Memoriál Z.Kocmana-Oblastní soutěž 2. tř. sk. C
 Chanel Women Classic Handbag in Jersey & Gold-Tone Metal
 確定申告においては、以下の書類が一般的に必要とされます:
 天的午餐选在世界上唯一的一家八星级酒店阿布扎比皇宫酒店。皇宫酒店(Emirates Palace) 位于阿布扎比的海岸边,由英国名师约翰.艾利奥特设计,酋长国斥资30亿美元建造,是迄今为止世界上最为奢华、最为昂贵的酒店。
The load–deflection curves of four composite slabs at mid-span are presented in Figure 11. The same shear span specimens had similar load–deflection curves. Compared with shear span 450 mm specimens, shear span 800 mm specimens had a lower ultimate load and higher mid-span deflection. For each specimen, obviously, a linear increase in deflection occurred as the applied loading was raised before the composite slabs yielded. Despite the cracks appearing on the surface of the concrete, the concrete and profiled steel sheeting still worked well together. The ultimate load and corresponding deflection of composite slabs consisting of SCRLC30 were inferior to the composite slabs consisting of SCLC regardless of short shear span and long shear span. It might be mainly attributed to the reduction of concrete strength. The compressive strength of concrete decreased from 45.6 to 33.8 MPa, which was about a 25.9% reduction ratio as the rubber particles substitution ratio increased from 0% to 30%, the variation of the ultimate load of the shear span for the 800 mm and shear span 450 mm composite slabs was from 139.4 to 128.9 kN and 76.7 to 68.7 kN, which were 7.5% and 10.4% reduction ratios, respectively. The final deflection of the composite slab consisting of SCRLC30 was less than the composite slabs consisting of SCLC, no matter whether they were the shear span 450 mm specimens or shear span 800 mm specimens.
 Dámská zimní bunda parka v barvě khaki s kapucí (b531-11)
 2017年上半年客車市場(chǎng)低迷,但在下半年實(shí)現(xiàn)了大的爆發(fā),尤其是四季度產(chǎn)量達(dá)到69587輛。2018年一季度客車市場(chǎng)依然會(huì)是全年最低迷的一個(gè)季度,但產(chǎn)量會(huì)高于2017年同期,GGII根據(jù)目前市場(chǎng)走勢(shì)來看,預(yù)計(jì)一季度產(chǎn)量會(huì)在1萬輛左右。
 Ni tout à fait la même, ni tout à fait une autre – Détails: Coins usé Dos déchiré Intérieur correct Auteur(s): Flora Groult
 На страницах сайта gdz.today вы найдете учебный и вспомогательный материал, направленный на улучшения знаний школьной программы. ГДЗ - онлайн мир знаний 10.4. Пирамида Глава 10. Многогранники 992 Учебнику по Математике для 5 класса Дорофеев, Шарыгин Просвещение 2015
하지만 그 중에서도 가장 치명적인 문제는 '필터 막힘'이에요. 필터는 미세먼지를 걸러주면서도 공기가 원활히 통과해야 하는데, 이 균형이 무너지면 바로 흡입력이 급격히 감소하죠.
━━━━━━
### Your objective:
When you answer, repeat each entry exactly as it appears above.

### Exercise solution:
Memoriál Z.Kocmana-Oblastní soutěž 2. tř. sk. C
 Chanel Women Classic Handbag in Jersey & Gold-Tone Metal
 確定申告においては、以下の書類が一般的に必要とされます:
 天的午餐选在世界上唯一的一家八星级酒店阿布扎比皇宫酒店。皇宫酒店(Emirates Palace) 位于阿布扎比的海岸边,由英国名师约翰.艾利奥特设计,酋长国斥资30亿美元建造,是迄今为止世界上最为奢华、最为昂贵的酒店。
The load–deflection curves of four composite slabs at mid-span are presented in Figure 11. The same shear span specimens had similar load–deflection curves. Compared with shear span 450 mm specimens, shear span 800 mm specimens had a lower ultimate load and higher mid-span deflection. For each specimen, obviously, a linear increase in deflection occurred as the applied loading was raised before the composite slabs yielded. Despite the cracks appearing on the surface of the concrete, the concrete and profiled steel sheeting still worked well together. The ultimate load and corresponding deflection of composite slabs consisting of SCRLC30 were inferior to the composite slabs consisting of SCLC regardless of short shear span and long shear span. It might be mainly attributed to the reduction of concrete strength. The compressive strength of concrete decreased from 45.6 to 33.8 MPa, which was about a 25.9% reduction ratio as the rubber particles substitution ratio increased from 0% to 30%, the variation of the ultimate load of the shear span for the 800 mm and shear span 450 mm composite slabs was from 139.4 to 128.9 kN and 76.7 to 68.7 kN, which were 7.5% and 10.4% reduction ratios, respectively. The final deflection of the composite slab consisting of SCRLC30 was less than the composite slabs consisting of SCLC, no matter whether they were the shear span 450 mm specimens or shear span 800 mm specimens.
 Dámská zimní bunda parka v barvě khaki s kapucí (b531-11)
 2017年上半年客車市場(chǎng)低迷,但在下半年實(shí)現(xiàn)了大的爆發(fā),尤其是四季度產(chǎn)量達(dá)到69587輛。2018年一季度客車市場(chǎng)依然會(huì)是全年最低迷的一個(gè)季度,但產(chǎn)量會(huì)高于2017年同期,GGII根據(jù)目前市場(chǎng)走勢(shì)來看,預(yù)計(jì)一季度產(chǎn)量會(huì)在1萬輛左右。
 Ni tout à fait la même, ni tout à fait une autre – Détails: Coins usé Dos déchiré Intérieur correct Auteur(s): Flora Groult
 На страницах сайта gdz.today вы найдете учебный и вспомогательный материал, направленный на улучшения знаний школьной программы. ГДЗ - онлайн мир знаний 10.4. Пирамида Глава 10. Многогранники 992 Учебнику по Математике для 5 класса Дорофеев, Шарыгин Просвещение 2015
하지만 그 중에서도 가장 치명적인 문제는 '필터 막힘'이에요. 필터는 미세먼지를 걸러주면서도 공기가 원활히 통과해야 하는데, 이 균형이 무너지면 바로 흡입력이 급격히 감소하죠.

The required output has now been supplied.